Cerebral Blood Flow Monitoring in High-Risk Fetal and Neonatal Populations

Abstract

Cerebrovascular pressure autoregulation promotes stable cerebral blood flow (CBF) across a range of arterial blood pressures. Cerebral autoregulation (CA) is a developmental process that reaches maturity around term gestation and can be monitored prenatally with both Doppler ultrasound and magnetic resonance imaging (MRI) techniques. Postnatally, there are key advantages and limitations to assessing CA with Doppler ultrasound, MRI, and near-infrared spectroscopy. Here we review these CBF monitoring techniques as well as their application to both fetal and neonatal populations at risk of perturbations in CBF. Specifically, we discuss CBF monitoring in fetuses with intrauterine growth restriction, anemia, congenital heart disease, neonates born preterm and those with hypoxic-ischemic encephalopathy. We conclude the review with insights into the future directions in this field with an emphasis on collaborative science and precision medicine approaches.

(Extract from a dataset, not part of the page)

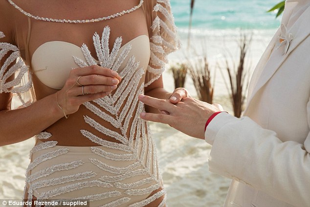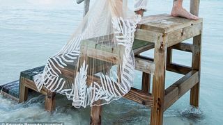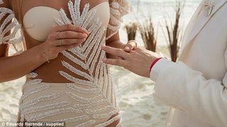 Pentru realizarea rochiei a fost nevoie de patru luni, iar designerii au folosit intre 10.000 si 30.000 de cristale, relateaza Daily Mail. In afara de o pereche de cercei cu diamante si o bratara delicata, mireasa nu a avut niciun alt accesoriu in afata de inelul de logodna. Ea a pasit desculta pe plaja, avand un buchet de crini albi.

Keywords: cerebral autoregulation; cerebroplacental Doppler; congenital heart disease; fetal MRI; fetal brain; hypoxic ischemia encephalopathy (HIE); near-infrared spectroscopy; neonatal brain.

Figure 1

The key questions regarding cerebral autoregulation (CA) are unique to each neonatal pathophysiology. In the preterm neonate, due to immature mechanisms of cerebrovascular adaptation, there is a limited plateau of stable cerebral blood flow (CBF) and there is no strong evidence to guide the optimal lower limit of cerebral perfusion pressure (CPP) by gestational age. In the neonate with congenital heart disease (CHD), postnatal hypoxia and stabilization of CBF before, during, and after cardiac surgery are the prominent challenges. For neonates with hypoxic ischemic encephalopathy (HIE), avoidance of reperfusion injury plays a key role in limiting neurologic damage.

Figure 2

Wavelet transform coherence analysis can be used to characterize cross-correlations between mean arterial pressure and ScO₂ as a function of a wide range of both time and frequencies. The coherence depicted by color mapping represents the correlations across the time-frequency axis and can be translated into percent coherence from 0 (least coherent, blue) to 1 (most coherent, red). In-phase coherence indicates impaired cerebral autoregulation.